Wright v. Hazen Investments, Inc.

632 P.2d 1328, 53 Or. App. 700, 1981 Ore. App. LEXIS 3206
CourtCourt of Appeals of Oregon
DecidedAugust 31, 1981
DocketNo. 16-79-09774, CA 17597
StatusPublished

This text of 632 P.2d 1328 (Wright v. Hazen Investments, Inc.) is published on Counsel Stack Legal Research, covering Court of Appeals of Oregon primary law. Counsel Stack provides free access to over 12 million legal documents including statutes, case law, regulations, and constitutions.

Bluebook
Wright v. Hazen Investments, Inc., 632 P.2d 1328, 53 Or. App. 700, 1981 Ore. App. LEXIS 3206 (Or. Ct. App. 1981).

Opinion

THORNTON, J.

Plaintiff’s complaint sought a declaratory judgment, an injunction, specific performance and damages arising out of a restaurant venture entered into between plaintiff and certain of the defendants. Defendants Hazen1 appeal from the trial court’s decree declaring plaintiff 40% owner of an improved leasehold interest and equipment, including proceeds from any transfer thereof, and liable in the same proportion for debts of maintaining the property. The judgment and decree2 also enjoined defendants from interfering with plaintiff’s right of possession or transfering any interest in the property without plaintiff’s approval. Defendants assign as error the trial court’s failure:

1) to require plaintiff to join Texaco, McKay Investment Company (McKay), and H & W Enterprises, Inc., the corporation through which the parties owned and managed the restaurant, as defendants;

2) to find that plaintiff abandoned her claim to any interest in the leasehold or improvements; and

3) to hold plaintiff estopped to claim any interest in the leasehold.

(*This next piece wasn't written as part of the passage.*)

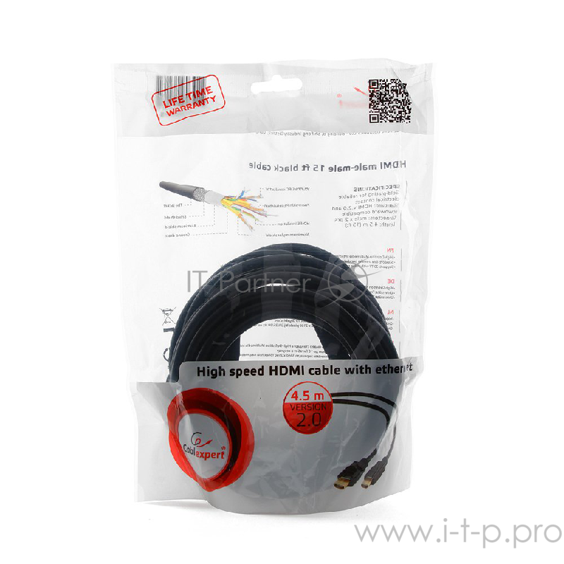 Кабель HDMI Gembird, 4.5м, v1.4, 19M/19M, черный, позол.разъемы, экран, пакет CC-HDMI4-15
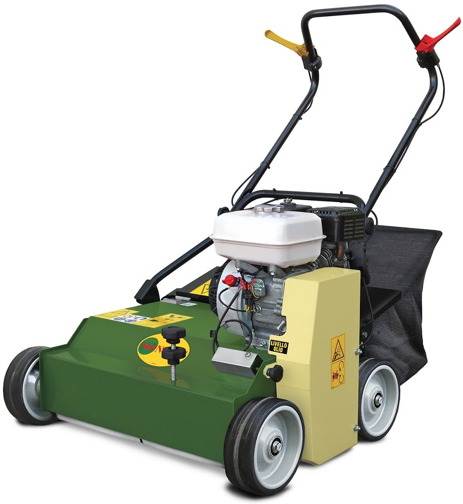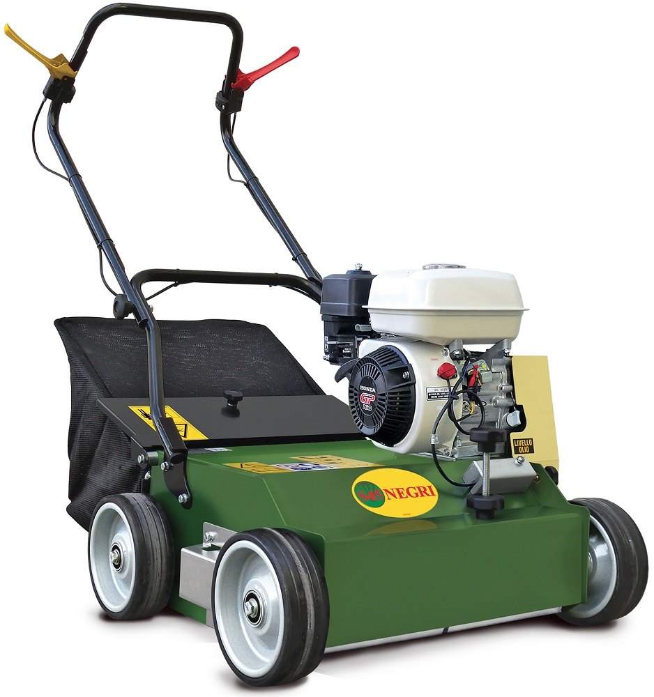 Profesionální benzínový travní provzdušňovač Negri bio S45HGP55FI, pevné nože. S motorem Honda GP160 o výkonu 5,5 HP. Šířka záběru 45 cm. Hmotnost 75 kg.

The essential facts are as follows:

Defendants Hazen, together with defendant Harmon, own all the shares of defendant Hazen Investments, Inc. In mid-1977, defendants decided to open a fast food restaurant, Choo-Choo’s, in an old service station on property leased by Texaco from McKay. On August 22, 1977, the Hazens individually took an assignment of the lease from Texaco. At this point, negotiations between plaintiff and defendants were ongoing, although the venture had not been formally organized. To this end, defendants, plaintiff and Harmon on September 30, 1977, formed a corporation, H & W Enterprises, Inc. (H&W). The same parties, in [703]*703order to gain certain tax advantages, simultaneously formed a partnership.3 Defendants and plaintiff each contributed approximately equal amounts of capital ($5,000) to H&W, and Harmon contributed services. It is undisputed that plaintiff owned 40% of the stock. The purpose of the corporation was to operate the restaurant. Defendants contributed their individual interests in the leasehold, building and equipment valued at roughly $45,000, through Hazen Investment, whose primary business is restaurant equipment supply. Plaintiff contributed approximately the same amount in cash ($45,404) used to renovate the building and pay operating expenses. Harmon again contributed services. The partnership agreement does not reflect the various contributions of the partners. Plaintiff’s share in partnership assets and profits was also intended to be 40%.

Some evidence suggests that the leasehold, improvements and equipment were "subleased” to H&W, although there is no written lease to corroborate that conclusion. The corporate minutes indicate that the lease was "given” to H&W, an action purportedly taken by defendants in their individual capacities, rather than as directors of Hazen Investments, the record owner of the leasehold. The same minutes suggest that "equipment, time and materials” were to be "leased” from the partnership.

The restaurant consistently lost money and, in May, 1978, the lease, improvements and equipment were subleased to three brothers named Berkley, who subsequently failed to meet rent payments and were evicted. Defendants, as individuals, sought on two occasions thereafter to transfer the lease and all equipment to other third parties. Defendants took the position that H&W was a defunct entity, that the lease was their property and that plaintiff therefore could not prohibit its transfer. The complaint alleged, and the evidence supports the finding, that H&W was to be liquidated by directive of the shareholders in April, 1978, but no formal liquidation was ever made. See ORS 57.526 et seq.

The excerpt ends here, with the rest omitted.